Stade Francais have been the most impressive team in the Heineken Cup so far, they've scored the most points and the most tries and the reality is that now we're playing the best team in the competition in their own country. From a player's point of view, we just have to get on with it, any team would have been a tough draw, a home game would have been nice for the players and especially for the supporters and we just have to get on with it."
Galwey also insisted that the reverse of the draw, in other words Stade Francais at Lansdowne Road, was the preferred option because victory would mean a Lansdowne Road final. But he also made a lot of sense in pointing out that the English clubs have always given Munster trouble, not least Northampton in last year's decider and Bath in the Pool game this season.

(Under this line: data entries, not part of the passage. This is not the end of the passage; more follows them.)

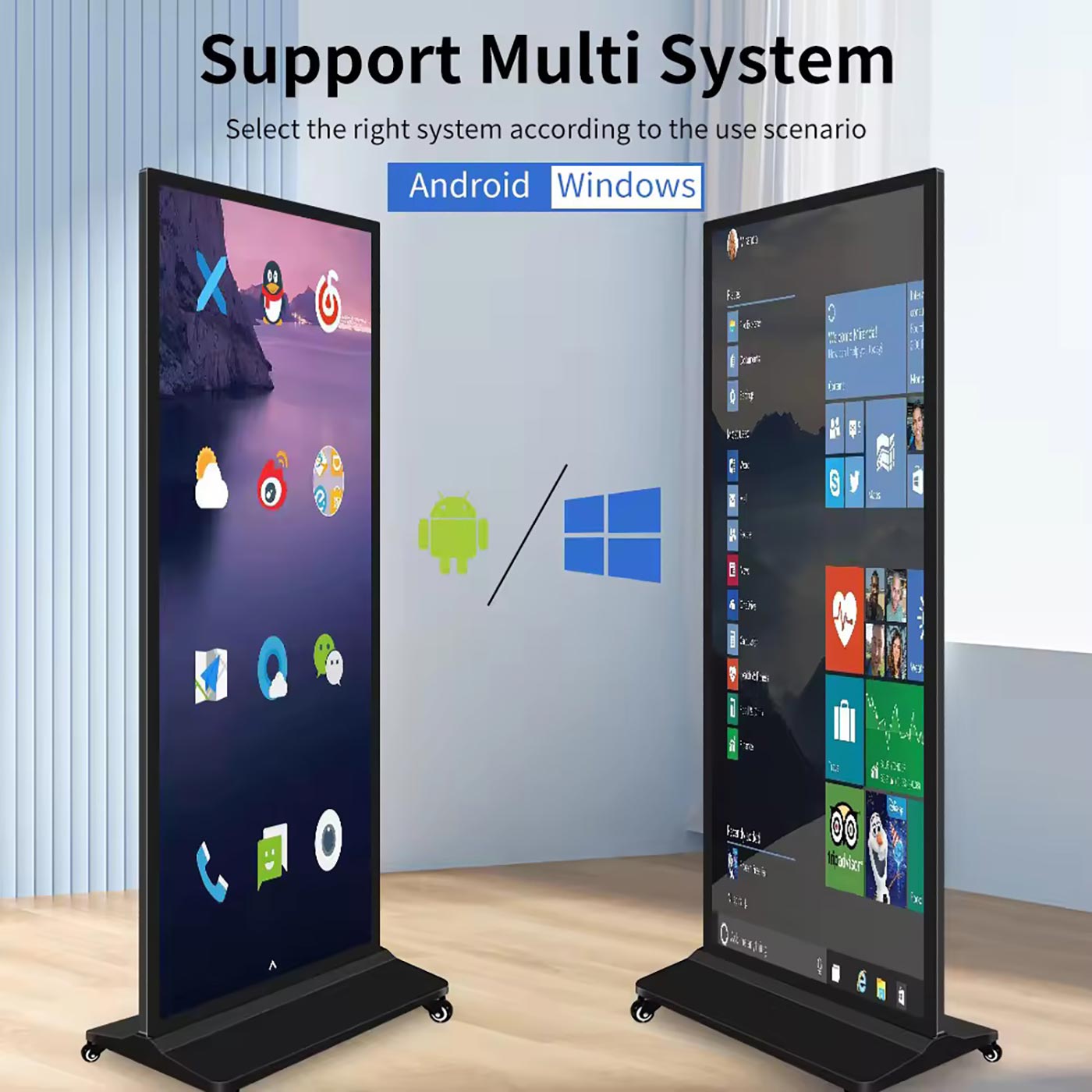 69.3inch indoor ultra-thin LCD free standing full screen digital signage,with ultra light design, easy to move and use, industrial aluminum housing, wear-resistant and shock-proof, with sepcial resolution of 1436*3840, using LedArt Advertising information publishing system, you can combine a few screens into a huge video wall, really bring you a visual feast, widely used in retail store, shopping mall, exhibition hall, Restaurant & Hotel Supplies, education, medical treatment.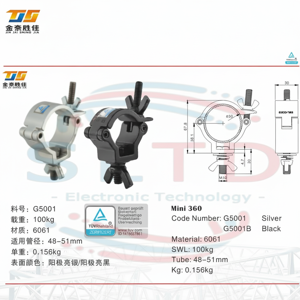 ตัวหนีบจับท่อแบบตะขอ อลูมิเนียมอัลลอย สีเงิน สำหรับไฟเวที มินิ 360 QR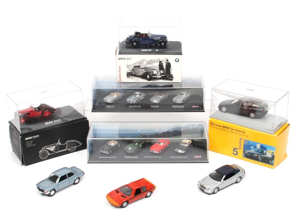 comprend les modèles : MERCEDES & BMW - 3 modèles désolidarisés de leur socle (possibilité de petites parties déformées & cassées) - 11 modèles en boites (états 'a' à 'd')
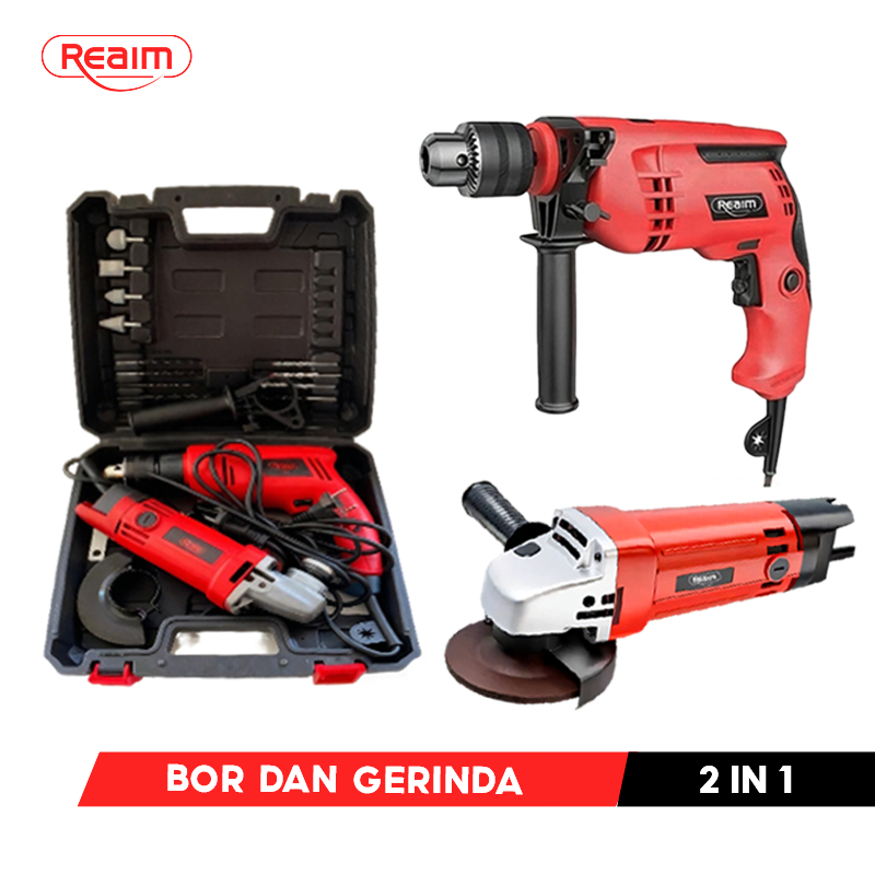 REAIM Mesin Gerinda Tangan Dan Mesin Bor Listrik 13MM listrik mesin gerinda listrik mesin gerinda tangan paket bor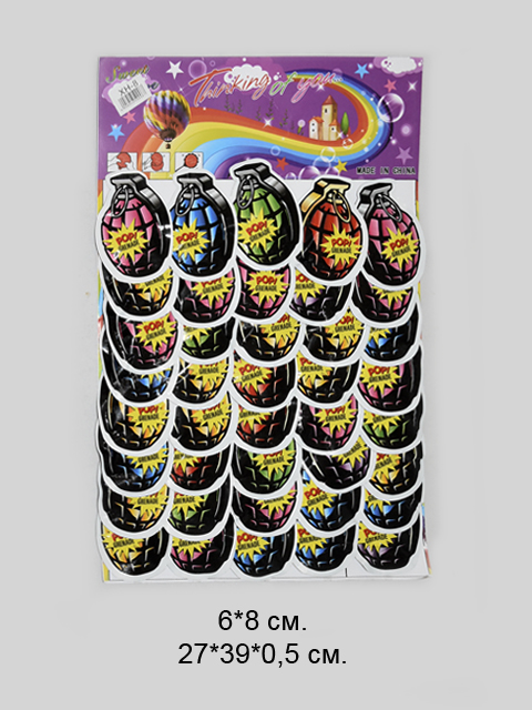 - Бомбочки арт.1927-1/3-40B-805 "Гранаты" лимонки цветные 40 шт. на листе_+×Бомбочки арт.1927-1/3-40B-805 "Гранаты" лимонки цветные 40 шт. на листе_+Воздушная бомбочка - это детская шалость. Достаточно надавить на бомбочку (хлопушку) и внутри лопнет капсула. После чего бомбочку бросают. Примерно через 15 - 20 секунд она хлопнет. Возраст: от 5 лет Производство: Китай Размер: 6 х 8 см121.56 руб. 243.11 руб.
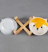 Product Name: Ceramic Cartoon Bowl with Bamboo and Wooden Bracket
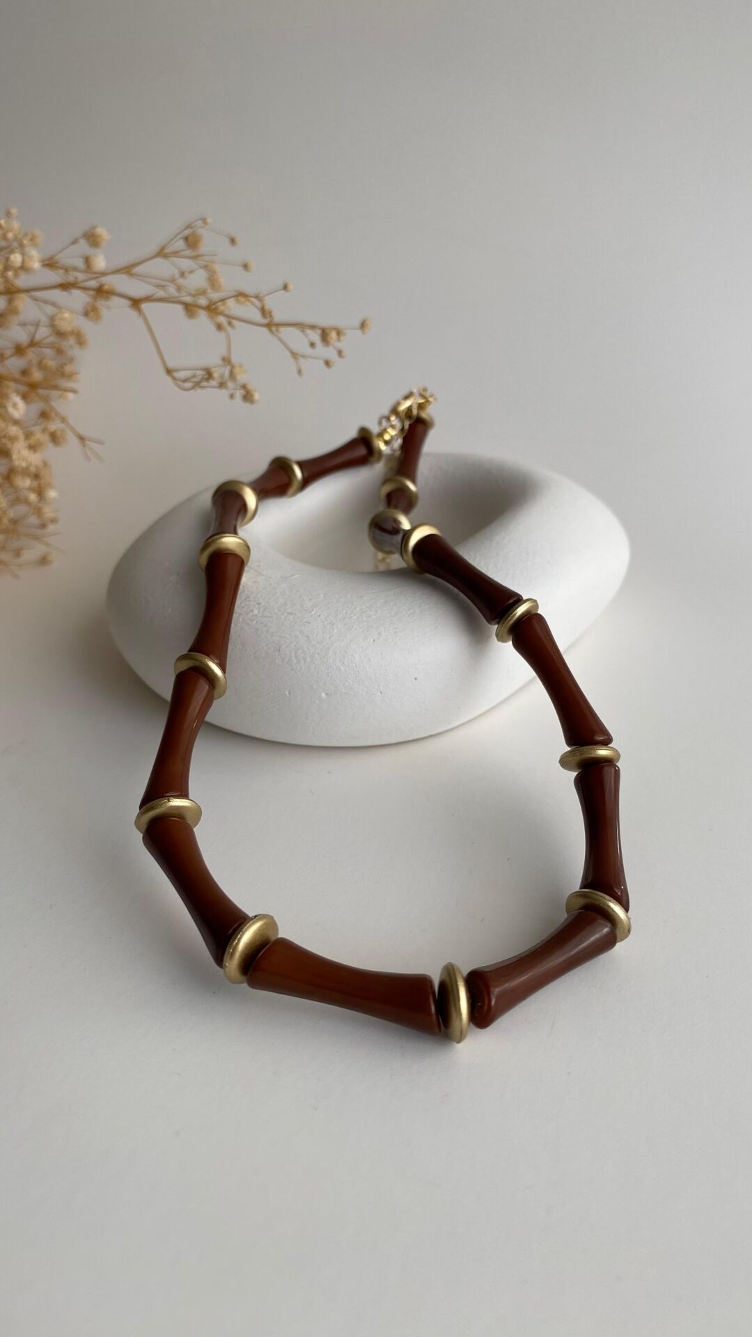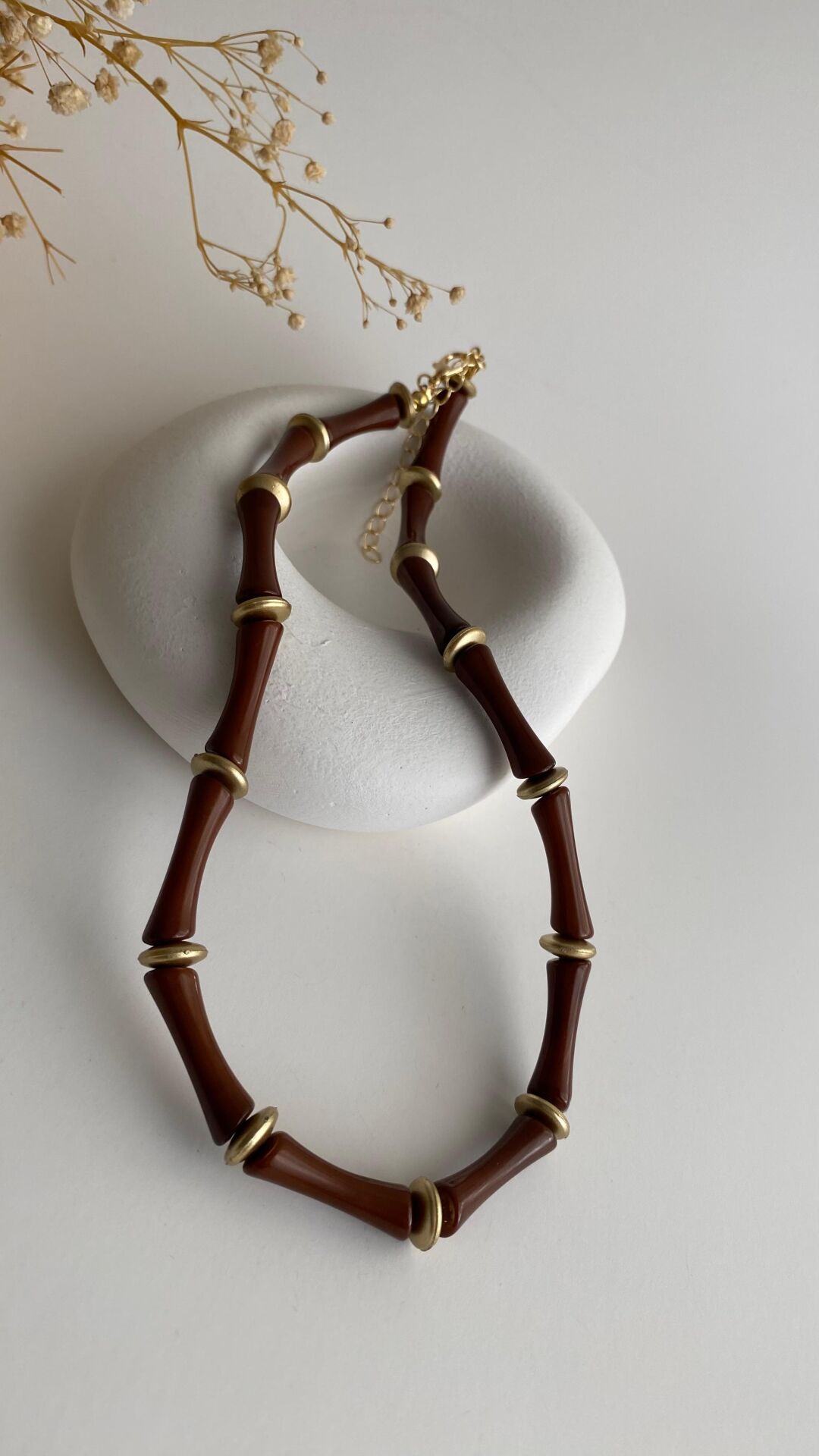Kahve kemik görünümlü kolye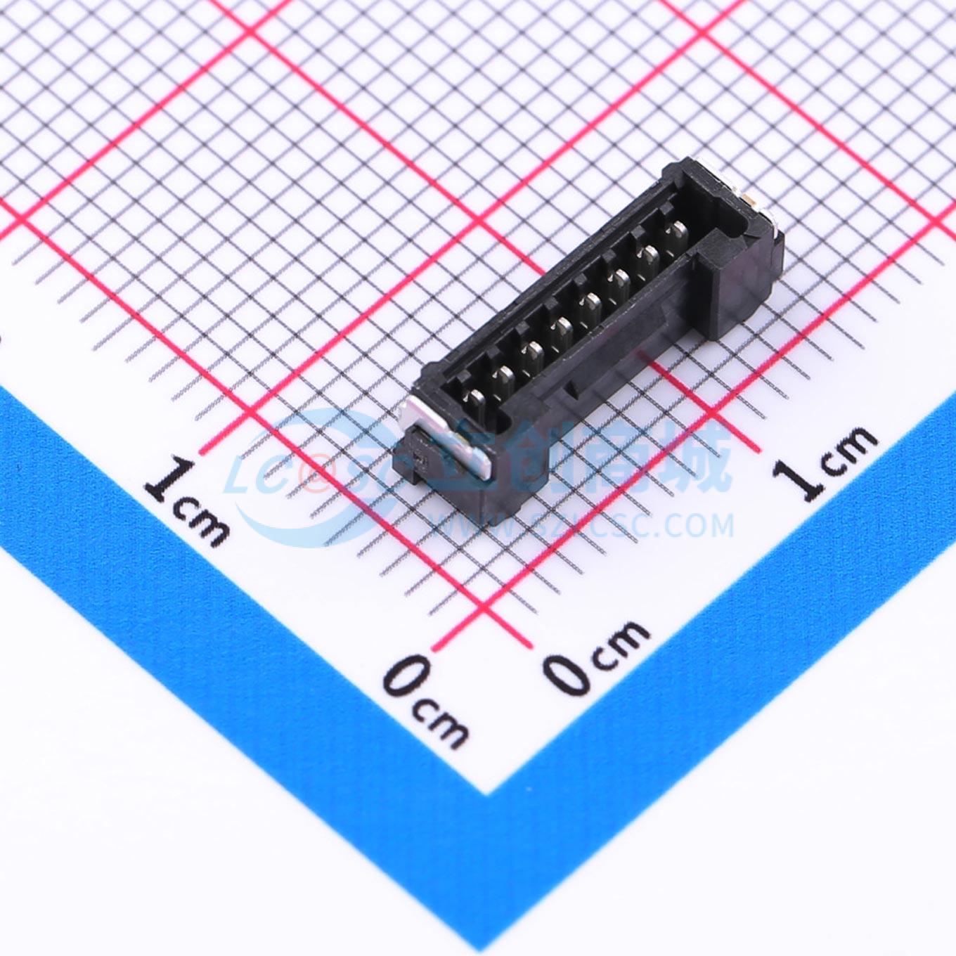 PCB 排针和排母 间距 1.25mm,Micro-Lock Plus 型 PCB 排针,单排,直角,表面贴装,镀锡铋,带正向锁扣,8 路,黑色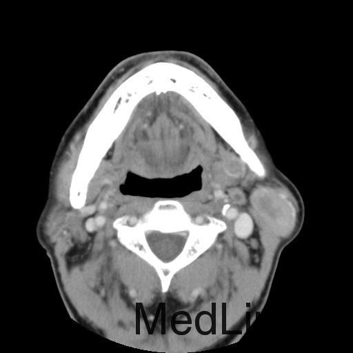 患者:男,64岁。 主诉:左耳垂下肿物1年余 病史:患者1年余前发现左耳垂下肿物,逐渐增大,与进食无关,无疼痛、麻木感,未予治疗。 体查:左右颜面部基本对称,双侧上、下颌骨未及明显异常膨隆,左耳垂下腮腺区见一膨隆肿物,大小约为4cm×3cm,边界欠清,质软,表面皮肤无红肿、破溃、出血,无触痛,皮温正常,活动度可。 辅助检查:无

Munster coach Declan Kidney was his usual phlegmatic self in facing up to the draw. He insisted they would play the match wherever they were asked to do so and went on: "We're away from home and the players have to travel, something we have to build into our plans, and the biggest regret is that the supporters who have to dip into their pockets again, that's the biggest disappointment of the draw. Stade have been favourites from the start and while we beat them last year, they were without a few back-row players then, including the French number eight Juillet and the fact that it's over in France would probably mean a fifteen to twenty point swing on last year's game."
Given that it's more than another two months to the game, Kidney smiled and insisted: "It's better to be in the competition rather than out of it but there's a lot of rugby to be played in the meantime. This is our final. Last year is history and we had surprise on our side then.
"We sprung Eddie Halvey on them and that had a big effect on the line-out. John Connolly will make sure that doesn't happen this time."
Meanwhile, Kidney's counterpart John Connolly, one-time Queensland and Old Belvedere coach, accepted that while he always wanted to play in his home country. "I don't think it's the advantage people make it out to be. It doesn't make that much difference in the big stadiums. I hope it's in the Stade de France just as if we were away to Munster, we would have played at Lansdowne Road. I think we've got to give the tournament the kind of stadiums it deserves."